3. An input audio signal is divided into frames of a predetermined time length, a feature amount is extracted from the audio signal, one of a plurality of modes is selected, and a mode selection signal is output. A mode discriminator, and a first coefficient analysis for obtaining a first coefficient representing a spectral characteristic of a past reproduced signal from the reproduced signal and outputting the first coefficient as a first coefficient signal for a predetermined mode in the mode selection signal.
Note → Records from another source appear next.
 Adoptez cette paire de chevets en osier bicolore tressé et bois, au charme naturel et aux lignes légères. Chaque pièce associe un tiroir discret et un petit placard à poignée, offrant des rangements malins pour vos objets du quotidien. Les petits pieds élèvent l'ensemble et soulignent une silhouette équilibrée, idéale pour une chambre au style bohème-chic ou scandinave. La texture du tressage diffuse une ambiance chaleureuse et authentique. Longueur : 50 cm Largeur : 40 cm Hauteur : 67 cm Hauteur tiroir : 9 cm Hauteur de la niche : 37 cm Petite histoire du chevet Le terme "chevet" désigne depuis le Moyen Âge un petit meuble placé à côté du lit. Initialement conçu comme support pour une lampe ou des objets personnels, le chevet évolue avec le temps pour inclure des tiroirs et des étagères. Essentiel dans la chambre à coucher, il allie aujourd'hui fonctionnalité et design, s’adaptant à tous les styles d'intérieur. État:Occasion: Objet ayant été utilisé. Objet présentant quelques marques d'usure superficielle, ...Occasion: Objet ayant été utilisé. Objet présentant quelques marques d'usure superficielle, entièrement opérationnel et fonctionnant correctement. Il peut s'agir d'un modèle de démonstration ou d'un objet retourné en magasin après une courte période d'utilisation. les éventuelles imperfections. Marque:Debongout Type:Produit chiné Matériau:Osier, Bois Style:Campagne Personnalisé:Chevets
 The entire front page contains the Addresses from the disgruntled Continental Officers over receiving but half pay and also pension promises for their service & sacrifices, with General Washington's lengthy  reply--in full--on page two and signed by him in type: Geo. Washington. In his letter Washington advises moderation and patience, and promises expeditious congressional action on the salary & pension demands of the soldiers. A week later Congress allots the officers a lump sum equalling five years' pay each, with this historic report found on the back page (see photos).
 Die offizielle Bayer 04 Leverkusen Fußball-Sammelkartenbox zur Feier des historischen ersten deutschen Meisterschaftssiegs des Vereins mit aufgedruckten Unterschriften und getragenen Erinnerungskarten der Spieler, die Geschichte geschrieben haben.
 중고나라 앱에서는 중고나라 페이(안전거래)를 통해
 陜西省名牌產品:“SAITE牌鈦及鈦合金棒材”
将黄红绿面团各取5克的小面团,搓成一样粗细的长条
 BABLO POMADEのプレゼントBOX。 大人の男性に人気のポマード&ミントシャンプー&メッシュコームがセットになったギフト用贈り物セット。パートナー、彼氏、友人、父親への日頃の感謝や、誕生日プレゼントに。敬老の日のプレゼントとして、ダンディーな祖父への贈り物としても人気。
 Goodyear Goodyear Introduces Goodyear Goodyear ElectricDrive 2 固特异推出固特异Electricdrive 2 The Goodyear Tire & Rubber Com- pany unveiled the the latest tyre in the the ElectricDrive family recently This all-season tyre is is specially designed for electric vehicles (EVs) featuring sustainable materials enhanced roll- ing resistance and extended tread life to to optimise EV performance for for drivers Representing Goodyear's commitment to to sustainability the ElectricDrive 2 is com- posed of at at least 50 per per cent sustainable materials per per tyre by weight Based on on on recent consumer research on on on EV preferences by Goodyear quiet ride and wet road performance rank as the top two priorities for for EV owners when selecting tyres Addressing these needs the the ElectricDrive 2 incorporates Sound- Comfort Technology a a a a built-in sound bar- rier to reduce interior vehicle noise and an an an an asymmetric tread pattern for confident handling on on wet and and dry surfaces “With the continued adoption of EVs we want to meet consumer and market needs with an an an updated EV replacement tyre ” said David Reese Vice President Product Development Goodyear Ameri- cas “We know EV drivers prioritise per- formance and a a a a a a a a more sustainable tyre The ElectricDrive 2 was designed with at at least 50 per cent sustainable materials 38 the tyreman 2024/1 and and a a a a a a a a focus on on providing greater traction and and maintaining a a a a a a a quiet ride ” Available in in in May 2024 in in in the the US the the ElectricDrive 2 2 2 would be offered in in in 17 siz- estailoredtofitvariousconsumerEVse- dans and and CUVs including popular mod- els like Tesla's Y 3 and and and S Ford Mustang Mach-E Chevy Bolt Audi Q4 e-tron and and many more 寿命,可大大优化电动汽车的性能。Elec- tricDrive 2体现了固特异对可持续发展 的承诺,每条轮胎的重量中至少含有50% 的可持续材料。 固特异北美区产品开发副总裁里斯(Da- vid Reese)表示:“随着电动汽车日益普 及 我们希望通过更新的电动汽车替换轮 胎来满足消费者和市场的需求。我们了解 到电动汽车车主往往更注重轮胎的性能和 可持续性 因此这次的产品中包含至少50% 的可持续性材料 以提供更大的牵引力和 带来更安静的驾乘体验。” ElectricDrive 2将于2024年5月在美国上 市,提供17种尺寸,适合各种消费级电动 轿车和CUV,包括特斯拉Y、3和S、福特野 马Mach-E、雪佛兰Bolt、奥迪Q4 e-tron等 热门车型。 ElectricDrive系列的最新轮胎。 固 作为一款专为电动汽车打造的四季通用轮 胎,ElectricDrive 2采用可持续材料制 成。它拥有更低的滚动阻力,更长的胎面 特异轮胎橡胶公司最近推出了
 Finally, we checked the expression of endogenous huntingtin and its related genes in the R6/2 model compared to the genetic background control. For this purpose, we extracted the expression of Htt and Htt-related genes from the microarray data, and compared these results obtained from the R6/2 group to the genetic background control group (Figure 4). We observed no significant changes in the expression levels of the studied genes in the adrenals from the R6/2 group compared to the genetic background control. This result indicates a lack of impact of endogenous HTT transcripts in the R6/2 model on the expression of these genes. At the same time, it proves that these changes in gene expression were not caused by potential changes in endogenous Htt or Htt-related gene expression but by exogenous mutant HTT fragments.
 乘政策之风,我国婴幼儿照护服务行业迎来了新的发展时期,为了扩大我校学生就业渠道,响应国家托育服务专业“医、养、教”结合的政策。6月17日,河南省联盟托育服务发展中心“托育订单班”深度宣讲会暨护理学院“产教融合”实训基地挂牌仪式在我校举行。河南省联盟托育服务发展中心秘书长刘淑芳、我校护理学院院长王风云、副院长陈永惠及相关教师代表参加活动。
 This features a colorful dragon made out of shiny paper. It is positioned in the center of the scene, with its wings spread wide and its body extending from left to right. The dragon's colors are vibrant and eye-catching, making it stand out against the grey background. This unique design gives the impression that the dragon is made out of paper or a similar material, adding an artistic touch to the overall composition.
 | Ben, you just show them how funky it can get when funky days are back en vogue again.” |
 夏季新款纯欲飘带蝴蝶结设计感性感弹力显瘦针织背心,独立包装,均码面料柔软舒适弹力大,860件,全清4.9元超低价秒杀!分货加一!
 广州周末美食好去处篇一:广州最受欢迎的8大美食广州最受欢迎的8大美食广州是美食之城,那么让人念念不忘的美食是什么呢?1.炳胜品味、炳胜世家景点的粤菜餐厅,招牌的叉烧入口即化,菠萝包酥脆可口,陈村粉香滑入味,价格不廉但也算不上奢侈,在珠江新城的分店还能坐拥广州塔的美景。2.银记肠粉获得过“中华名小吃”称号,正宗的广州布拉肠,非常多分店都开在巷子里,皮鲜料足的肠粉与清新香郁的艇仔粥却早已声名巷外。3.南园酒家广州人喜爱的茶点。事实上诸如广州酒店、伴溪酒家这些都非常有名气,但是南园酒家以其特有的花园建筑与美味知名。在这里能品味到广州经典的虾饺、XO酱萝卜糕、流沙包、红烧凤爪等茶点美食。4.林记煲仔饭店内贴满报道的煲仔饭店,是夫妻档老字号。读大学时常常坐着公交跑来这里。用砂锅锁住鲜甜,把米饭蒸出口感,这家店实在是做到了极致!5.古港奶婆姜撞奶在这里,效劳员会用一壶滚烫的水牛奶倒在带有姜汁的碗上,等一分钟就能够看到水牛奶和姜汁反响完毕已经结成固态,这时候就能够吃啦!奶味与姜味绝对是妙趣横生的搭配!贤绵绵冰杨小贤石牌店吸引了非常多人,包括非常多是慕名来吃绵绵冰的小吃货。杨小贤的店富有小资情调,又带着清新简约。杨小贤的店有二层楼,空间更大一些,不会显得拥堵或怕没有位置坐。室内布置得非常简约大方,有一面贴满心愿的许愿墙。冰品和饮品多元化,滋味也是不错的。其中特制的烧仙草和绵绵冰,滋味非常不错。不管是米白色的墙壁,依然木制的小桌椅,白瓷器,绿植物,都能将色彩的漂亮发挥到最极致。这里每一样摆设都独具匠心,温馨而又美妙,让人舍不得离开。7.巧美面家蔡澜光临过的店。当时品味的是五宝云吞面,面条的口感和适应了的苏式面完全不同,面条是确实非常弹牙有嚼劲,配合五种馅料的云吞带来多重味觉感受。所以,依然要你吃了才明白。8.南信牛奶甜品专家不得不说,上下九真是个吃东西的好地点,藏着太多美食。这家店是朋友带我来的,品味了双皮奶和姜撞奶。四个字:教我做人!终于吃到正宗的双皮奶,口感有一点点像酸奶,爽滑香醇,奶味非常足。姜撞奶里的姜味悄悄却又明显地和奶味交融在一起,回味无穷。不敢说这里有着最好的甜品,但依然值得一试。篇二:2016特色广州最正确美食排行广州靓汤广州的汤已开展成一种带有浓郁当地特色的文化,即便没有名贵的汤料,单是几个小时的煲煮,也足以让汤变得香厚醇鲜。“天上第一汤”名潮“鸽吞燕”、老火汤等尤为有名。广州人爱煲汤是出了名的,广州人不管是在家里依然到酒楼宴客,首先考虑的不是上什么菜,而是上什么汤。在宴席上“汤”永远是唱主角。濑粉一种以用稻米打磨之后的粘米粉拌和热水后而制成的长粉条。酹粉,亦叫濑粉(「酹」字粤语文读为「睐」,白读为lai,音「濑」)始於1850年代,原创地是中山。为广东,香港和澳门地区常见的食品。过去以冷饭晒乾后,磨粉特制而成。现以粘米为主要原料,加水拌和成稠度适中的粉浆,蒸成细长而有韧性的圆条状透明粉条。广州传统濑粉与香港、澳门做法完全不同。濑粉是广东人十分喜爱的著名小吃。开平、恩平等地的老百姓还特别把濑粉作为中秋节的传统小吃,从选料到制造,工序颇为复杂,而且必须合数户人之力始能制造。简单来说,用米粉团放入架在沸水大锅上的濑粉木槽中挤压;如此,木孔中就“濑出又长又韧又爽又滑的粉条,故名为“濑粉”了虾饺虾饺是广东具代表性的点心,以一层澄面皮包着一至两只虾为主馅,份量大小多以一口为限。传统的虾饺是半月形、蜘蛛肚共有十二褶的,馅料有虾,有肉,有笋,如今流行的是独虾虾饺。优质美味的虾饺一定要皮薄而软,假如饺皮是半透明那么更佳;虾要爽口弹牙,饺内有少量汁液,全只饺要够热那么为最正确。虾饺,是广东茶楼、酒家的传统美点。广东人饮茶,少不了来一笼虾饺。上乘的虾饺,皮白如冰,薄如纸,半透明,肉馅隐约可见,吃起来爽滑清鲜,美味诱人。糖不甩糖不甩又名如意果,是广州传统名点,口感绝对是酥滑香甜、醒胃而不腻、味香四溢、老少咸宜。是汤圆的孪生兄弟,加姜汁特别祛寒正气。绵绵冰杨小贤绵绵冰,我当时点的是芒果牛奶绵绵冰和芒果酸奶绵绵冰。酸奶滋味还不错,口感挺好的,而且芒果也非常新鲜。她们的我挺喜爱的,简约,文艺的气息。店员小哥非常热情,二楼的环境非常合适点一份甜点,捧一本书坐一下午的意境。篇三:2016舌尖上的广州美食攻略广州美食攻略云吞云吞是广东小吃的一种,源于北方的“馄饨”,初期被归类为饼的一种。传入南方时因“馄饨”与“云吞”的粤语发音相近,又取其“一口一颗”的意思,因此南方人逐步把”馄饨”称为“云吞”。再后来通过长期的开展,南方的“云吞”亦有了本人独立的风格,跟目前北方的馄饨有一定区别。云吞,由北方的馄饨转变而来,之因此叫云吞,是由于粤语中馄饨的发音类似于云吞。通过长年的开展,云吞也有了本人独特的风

Unit, a residual calculation unit that obtains a prediction residual for each frame from the audio signal using the first coefficient signal, and outputs the prediction residual signal as a prediction residual signal, A second coefficient analysis unit for obtaining a coefficient of 2 from the prediction residual signal and outputting the coefficient as a second coefficient signal;
And a coefficient quantization unit that quantizes the second coefficient in the coefficient signal and outputs the quantized coefficient signal, and relates to the audio signal using the audio signal, the first coefficient signal, and the quantized coefficient signal. A sound source calculation unit for obtaining and quantizing the sound source signal and outputting the quantized sound source signal as a quantized sound source signal; and performing sound reproduction of the frame using the first coefficient signal, the quantized coefficient signal, and the quantized sound source signal. An audio encoding device comprising: an audio reproduction unit that outputs an audio reproduction signal.

4. The audio encoding device according to claim 1, wherein a non-recursive type filter is used as the filter for filtering the first coefficient signal. Speech encoding device characterized by the above-mentioned.